Your copy of the entries below should hold exactly the lines from the one containing "Joy FM, FM Miyazake" to the one containing "Emina Triple Pack", inclusive, and no pictures.

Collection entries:
····················

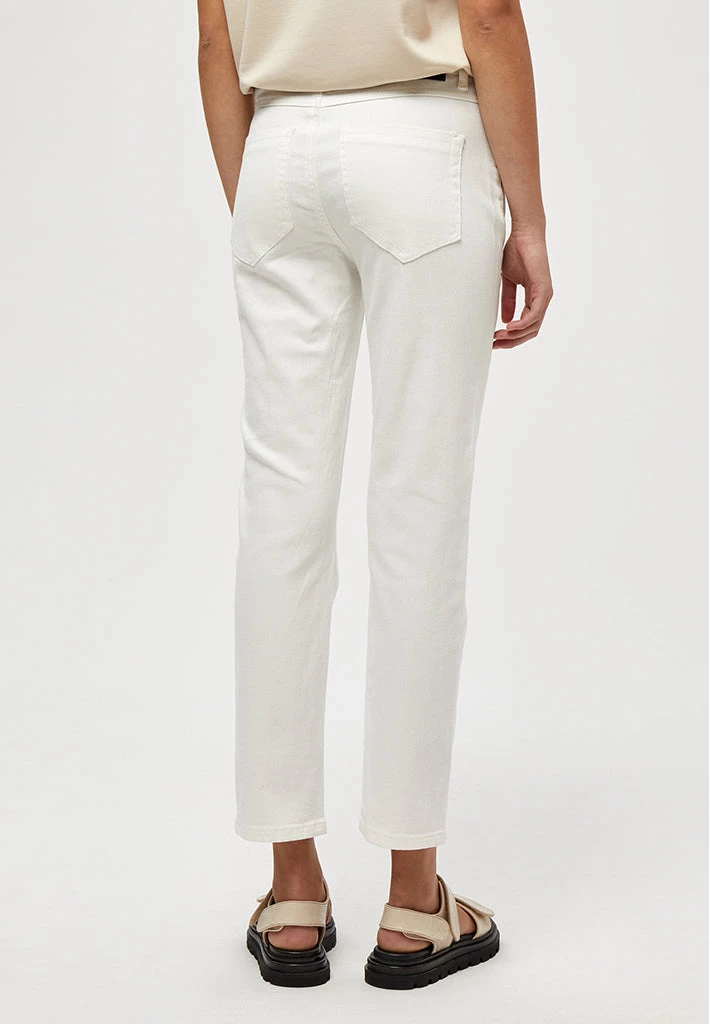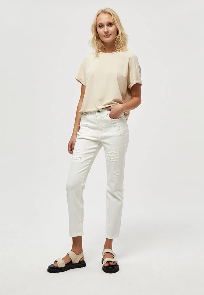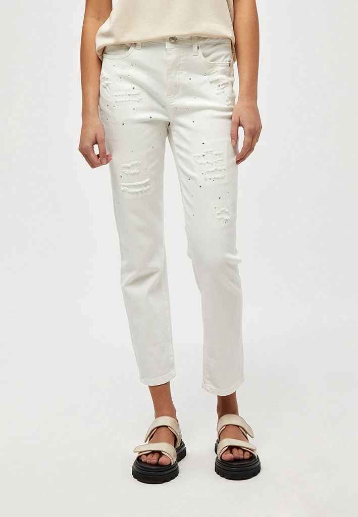 A cool pair of jeans that will add that extra spark to your outfit. The jeans have small sparkling stones and a distressed look on the front while being plain on the back. The jeans has two side pockets, two back pockets and a zipper.
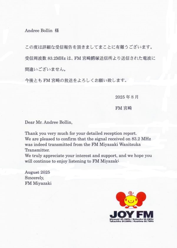 Joy FM, FM Miyazake Wanitsuka, JOMU-FM, 83.2MHz Miyazaki
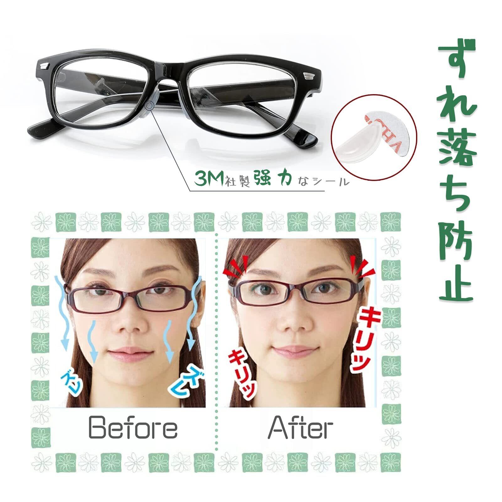 【ずれ落ち防止&メガネ跡軽減】 メガネ鼻パッドは滑り止め加工が皮脂でメガネを滑るのを防ぎます。また、メガネの鼻あてにぴったりフィットし、色素沈着を予防し、鼻に優しく良いつけ心地を体験することができます。 ●この鼻パッドは柔らかい上質なシリコン素材でできており、肌に優しくソフトに当たるので、メガネの痕や化粧くずれを防ぎます。シリコン素材でできているので、長時間の装着でも痛くなく掛け心地が快適です。
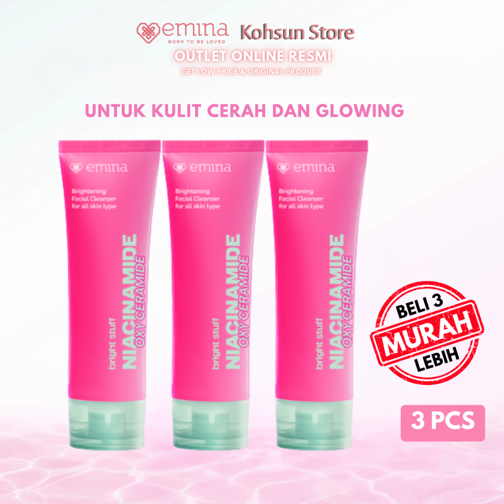 Emina Triple Pack Bright Stuff Face Wash isi 3pc - Niacinamide Oxy Ceramide Brightening Skin Barrier
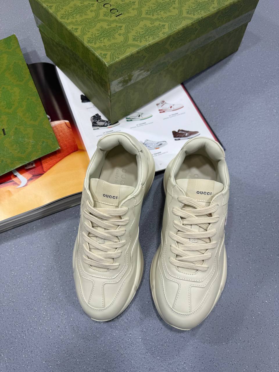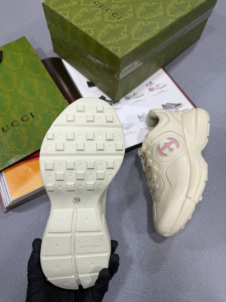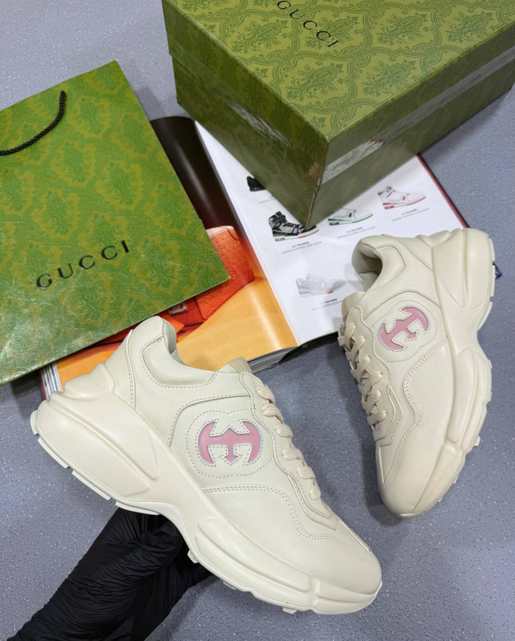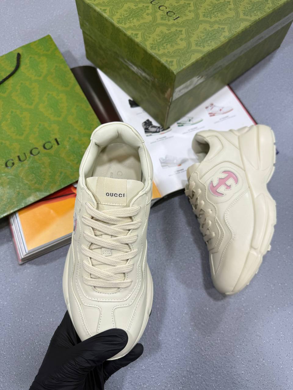 The Gucci Ladies Trainers with Pink Accent blend sporty elegance with signature luxury. Crafted from premium materials, they feature soft pink detailing, the iconic Gucci branding, and a comfortable cushioned sole — offering a stylish, feminine touch to any casual look.

····················

Response to this task »
 Joy FM, FM Miyazake Wanitsuka, JOMU-FM, 83.2MHz Miyazaki
 【ずれ落ち防止&メガネ跡軽減】 メガネ鼻パッドは滑り止め加工が皮脂でメガネを滑るのを防ぎます。また、メガネの鼻あてにぴったりフィットし、色素沈着を予防し、鼻に優しく良いつけ心地を体験することができます。 ●この鼻パッドは柔らかい上質なシリコン素材でできており、肌に優しくソフトに当たるので、メガネの痕や化粧くずれを防ぎます。シリコン素材でできているので、長時間の装着でも痛くなく掛け心地が快適です。
 Emina Triple Pack Bright Stuff Face Wash isi 3pc - Niacinamide Oxy Ceramide Brightening Skin Barrier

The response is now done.